A seizure reduction ≥ 50% at 3, 6 and 9 months was achieved in 34/53 (64.1%), 36/50 (72.0%) and 32/50 (64.0%) of patients who received lacosamide as first add-on treatment, and in 19/53 (35.9%), 14/50 (28.0%) and 18/50 (36.0%) of patients who received lacosamide as a later adjunctive therapy. A seizure freedom at 3, 6 and 9 months was achieved in 20/30 (66.7%), 19/28 (67.9%) and 18/29 (62.1%) of patients who received lacosamide as a first-add on treatment, and in 10/30 (33.3%), 9/28 (32.1%) and 11/29 (37.9%) of patients who received lacosamide as a later adjunctive treatment.
A seizure reduction ≥ 50% at 3, 6 and 9 months was achieved in 19/53 (35.8%), 18/50 (36.0%), 17/50 (34.0%) of patients who received a traditional sodium channel blocker (SCB+), and in 34/53 (64.2%), 32/50 (64.0%) and 33/50 (66.0%) of patients who received a nontraditional sodium channel blocker (SCB). A seizure freedom at 3, 6 and 9 months was achieved in 11/30 (36.7%), 9/28 (32.1%) and 10/29 (34.5%) of patients receiving SCB + AEDs and in 19/30 (63.3%), 19/28 (67.9%) and 19/29 (65.5%) of patients receiving SCB-AEDs.
The relationships between the response to lacosamide in LGG and HGG and status of the tumor on MRI are reported in the Supplementary Tables 4 and 5. Notably, a number of patients with progressive disease had a reduction of seizures ≥ 50%, but none of them became seizure-free.
We next restricted the analysis to those patients, who either had not received any antineoplastic treatment before or during the therapy with lacosamide (11/21) or had received prior radiotherapy and/or chemotherapy with a minimum interval of 6 months (10/21). All these patients had received previous surgery more than 1 year before. Among LGGs a seizure reduction ≥ 50% was observed in 11/15 patients at 3 months, 13/15 at 6 months and 12/15 at 9 months, while among HGGs a seizure reduction ≥ 50% was observed in 3/6 patients at 3 months, 1/3 patients at 6 months, and 1/2 patients at 9 months. Among LGGs, seizure freedom was achieved in 5/15 patients at 3 months, and 6/15 at 6 and 9 months, while among HGGs seizure freedom was achieved in 2/6 patients at 3 months, 1/3 at 6 months and 1/2 at 9 months.
Six HGGs with status epilepticus refractory to either phenytoin or VPA received intravenous lacosamide. Following a daily dose of 400 mg/day, we observed a clinical and EEG remission within 24–72 h. Two out of six patients remained seizure-free at 9 months with a maintenance daily dose of lacosamide of 400 mg.

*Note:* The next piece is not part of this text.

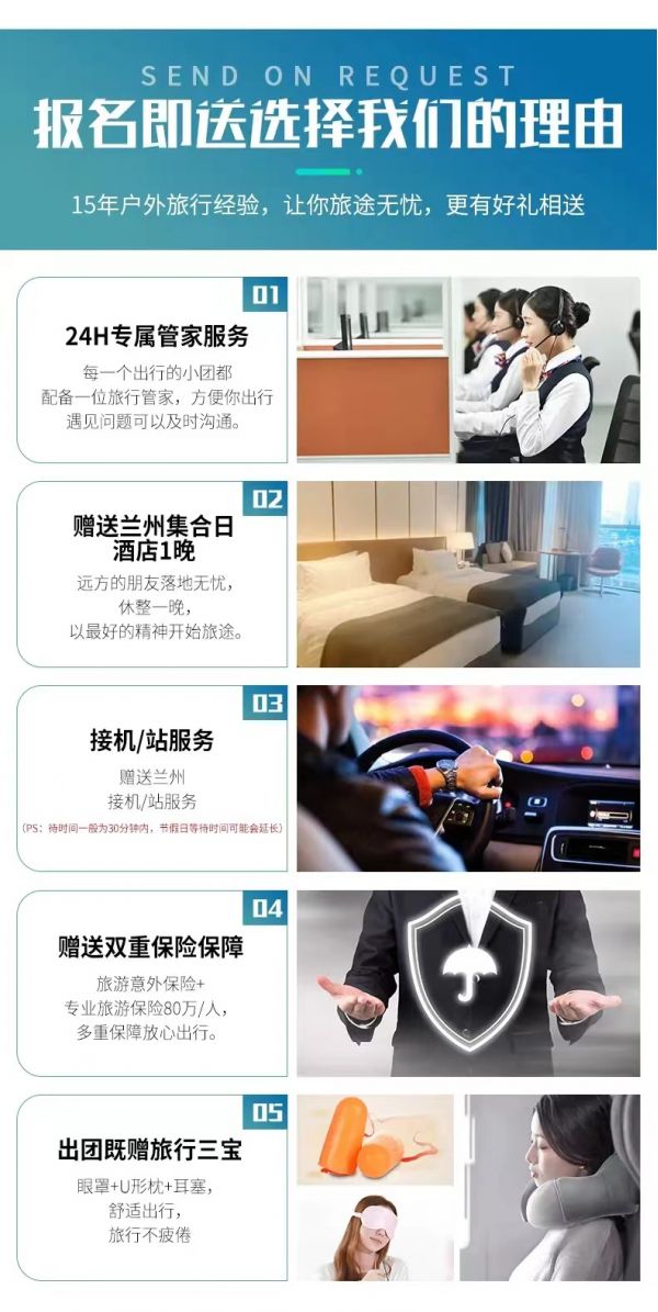 接站服務(wù):2人及以上免費(fèi)提供蘭州市區(qū)拼車接火車服務(wù),接火車的工作人員會(huì)在您出發(fā)日期前一天21:30之前向您推送消息并與您聯(lián)系,如果超過(guò)時(shí)間沒(méi)有接到任何通知,請(qǐng)及時(shí)與領(lǐng)隊(duì)或報(bào)名處聯(lián)系。(節(jié)假日用車人數(shù)較多情況下客人等待時(shí)間可能會(huì)延長(zhǎng);我方會(huì)安排臨近航班拼車接站,如遇其他客人航班火車延誤晚點(diǎn)情況,等待時(shí)間可能會(huì)延長(zhǎng),敬請(qǐng)諒解)

Tables 2 and 3 report the relationships between clinical factors and seizure control at 3 months following lacosamide. Univariate analysis shows that a seizure reduction ≥ 50% was more difficult to reach in older patients (OR 0.45, 95% CI 0.15–1.35), patients with astrocytoma (OR 0.54, 95% CI 0.17–1.74) and those who had a later add-on (OR 0.59, 95% CI 0.20–1.76). However, none of these correlations retained the statistical significance after multivariate analysis. A daily seizure frequency was a significant predictor of seizure freedom at 3 months both in univariate (OR 0.16, 95% CI 0.04–0.67, p = 0.012) and multivariate (OR 0.13, 95% CI 0.03–0.64, p = 0.012) analysis.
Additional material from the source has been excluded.